Wednesday, February 10, 2016

I am honored at this request; my great grandmother Carrie and her similarity to my Samuel Meeker portrait. My answer? Yes, of course.

I received an interesting email, see below.  Carrie [Martin] Cory, my great-grandmother, brought the Samuel Meeker portrait to California from New Jersey.  The portrait was passed to her through her father (Thomas Mulford Martin), both direct descendents of Phoebe Meeker (twin of Samuel who received the portrait as a gift on their 40ieth birthday.)  For more on Carrie's story and provenance of the painting, click here.   My great-grandfather Lewis Cory and wife Carrie Cory are of course in the history of provenance of the Meeker painting, as I am, now.
Does Carrie have an incredible resemblance to Samuel Meeker?  I say, yes!  It is simply astonishing.
After marrying Lewis, Carrie left New Jersey, to live in Fresno California.  Lewis was one of the first practicing attorneys there having received his law degree from Columbia.  She received the portrait because there was no male sibling, and her two sisters remained childless.
Phoebe Meeker was Carrie's great-grandmother.  Carrie is my great-grandmother.

Good morning,

Just looking through your blog again for a Gilbert Stuart boost for my day, observing his use of color on foreheads, cheeks, and eyes, which I think is the most obvious characteristic that we notice first when looking at a possible Stuart. 

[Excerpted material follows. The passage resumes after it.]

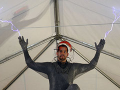 Американский иллюзионист Дэвид Блейн задумал новый фокус - он намерен провести три дня и три ночи под воздействием электрического тока. По словам самого 39-летнего фокусника, напряжение составит один миллион вольт. Посмотреть на Блейна под током можно будет в Нью-Йорке. Старт шоу запланирован на пятницу, 5 октября. | Двум обжорам навсегда закрыли вход в ресторан
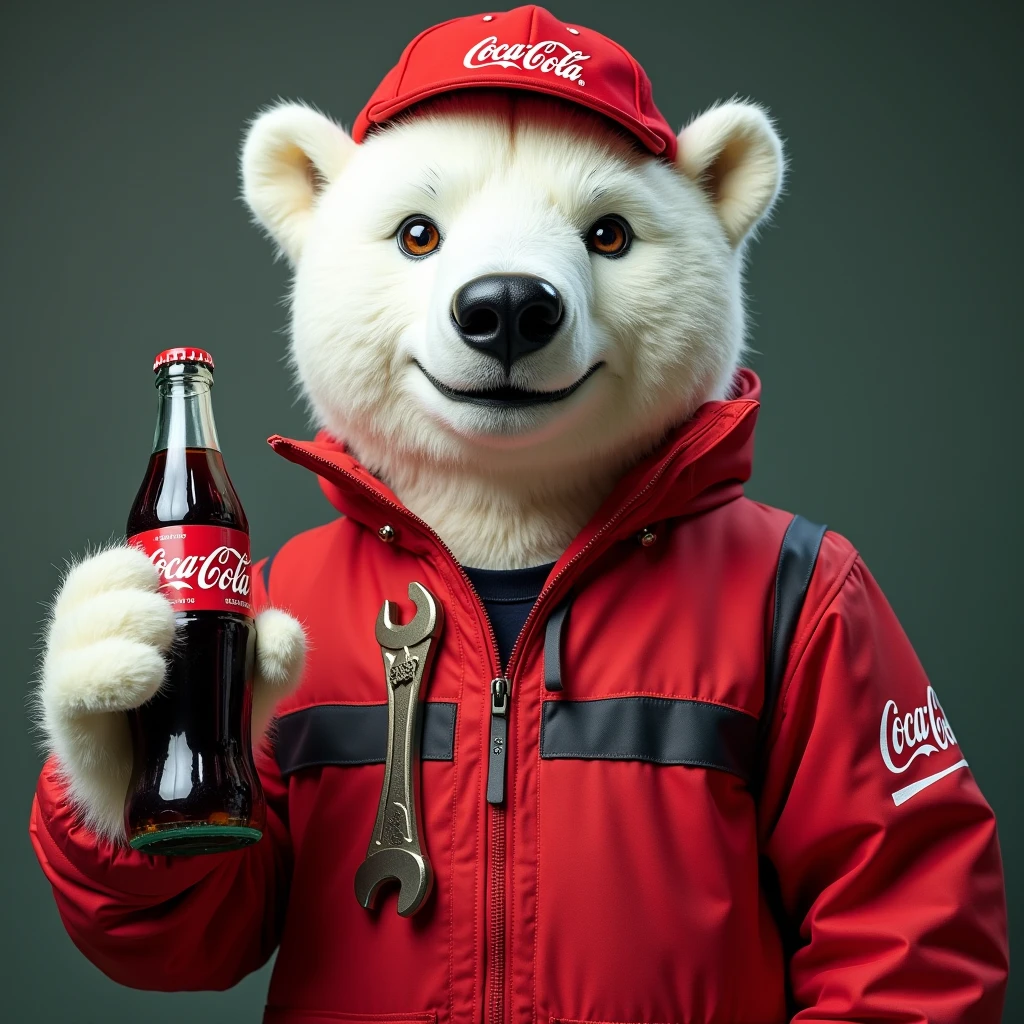 Araffe dressed as a polar bear holding a bottle of coke

The photo of Carrie Martin in your post from June 24, 2014 struck me as being lit and composed very much as Stuart would have set up a sitter for having a portrait done. The main difference I think is that her head is not turned quite as much as Stuart would have done, so her eyes are then turned more to look directly at the photographer. 

Which brings me to a question that you will probably think is odd. What would you say to the idea of a painting of Carrie in Stuart's style? I am an (amateur) artist - you can check out a few of my pieces on facebook - and doing a painting in Stuart's technique would be tremendous fun and great practice for me. I am not suggesting that you commission a work. It is just an idea that intrigues me, but I would not use your photograph for such a purpose without your permission.

If you are OK with the idea, I'll go ahead, though at a somewhat smaller size than Stuart would have done. Would you be able to tell me what color Carrie's hair and eyes probably were? In the photo, her hair looks light brown or auburn and her eyes look possibly light blue. 

Please let me know what you think.

Jeanne Grimsby


Yes Carrie's hair would have been auburn, and quite possibly her eyes were blue.  Her son (my grandfather Benjamin Hyde Cory) had blue eyes, as does my mother Carolyn [Cory] Ahrens. Ben and his daughter (my mom) are also in the provenance of the painting; another amazing story!  Although Ben could have inherited his blue eyes from Lewis.

Wednesday, February 3, 2016

More evidence that Ruggles is a Stuart! and two other possible Stuarts...?

When determining if a portrait is in fact done by our master Gilbert Stuart, particularly when it is not mentioned in the Lawrence Park volumes (a set of 4 large books two of which provide black and white photographs of the portraits and two which give written descriptions and short bios), it helps to cement the attribution when the evidence piles up.
On April 27 I did a post on the individual Ruggles Whiting [click on this link], a writer [Elisha L. President Dover Historical society] wrote to me that he thought this portrait was a genuine Stuart.  I also thought it to be a genuine Stuart.

Elisha has found a copy of the will, and this portrait is mentioned as being "taken by Gilbert Stuart" [note the language, similar to photography].  This can be considered solid evidence!

"In researching Ruggles Whiting I recently found a copy of his will, written in 1816 and probated in 1827.  Page 3 contains the following statement:
“It is my will, and I do hereby give and bequeath to my beloved son Lucius R. Whiting my library, charts, globes, my wardrobe including my watch and all wearing apparel, my chess board and best set of chessmen, my portrait of myself taken by Gilbert Stuart Esq., my portrait of Ralph I. Reed, taken by the same artist before his decease, and all my sporting apparatus of every kind.”

Elisha points out that this will indicates that Ruggles owned another Stuart, and indeed a third Stuart. From the will: "“It is my will and I give and bequeath to the Government of the United States, my original portrait of Jacob Perkins Esquire of Newburyport, the great mechanical inventor, taken by Gilbert Stuart Esq. the celebrated American artist, to be placed in such part of the National Buildings, in the City of Washington, as the Speaker of the House of Representatives of the United States for the time being shall order and direct.”

Thus there should be a Stuart portrait of "Ralph Reed", and of "Jacob Perkins".  I will investigate this further~
The fact that Ruggles now seems to own THREE Stuart portraits, also is indirect evidence that the Ruggles portrait is a genuine Stuart, as Elisha pointed out in his note to me.
Thankyou, super sleuthing!
Also of note...this merchant was intellectual (library, globes, chess) and atheletic!